To solve this problem, we need to set up a system of equations based on the given conditions and solve for the lengths of the sides of the triangle.

  1. Let the sides of the triangle be \(a\), \(b\), and \(c\) where \(a\) is the shortest side, \(b\) is the middle side, and \(c\) is the longest side.
  2. The perimeter of the triangle is given as 71 cm, so \(a + b + c = 71\).
  3. The longest side \(c\) is 3 cm less than the sum of the other two sides, so \(c = a + b - 3\).
  4. Twice the shortest side is 8 cm less than the longest side, so \(2a = c - 8\).

We can use these equations to solve for \(a\), \(b\), and \(c\).

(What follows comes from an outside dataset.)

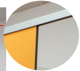
Silver anodised aluminium channel headrail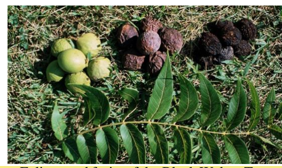
Foliage and fruits of the Black Walnut Tree

Step 1: Define Variables and Equations

Let the sides of the triangle be \(a\), \(b\), and \(c\) where \(a\) is the shortest side, \(b\) is the middle side, and \(c\) is the longest side.

Given:

  1. The perimeter of the triangle is 71 cm: \[ a + b + c = 71 \]
  2. The longest side \(c\) is 3 cm less than the sum of the other two sides: \[ c = a + b - 3 \]
  3. Twice the shortest side is 8 cm less than the longest side: \[ 2a = c - 8 \]
Step 2: Solve the System of Equations

We solve the system of equations:

  1. \(a + b + c = 71\)
  2. \(c = a + b - 3\)
  3. \(2a = c - 8\)
Step 3: Substitute and Simplify

From equation (2): \[ c = a + b - 3 \]

Substitute \(c\) into equation (1): \[ a + b + (a + b - 3) = 71 \] \[ 2a + 2b - 3 = 71 \] \[ 2a + 2b = 74 \] \[ a + b = 37 \]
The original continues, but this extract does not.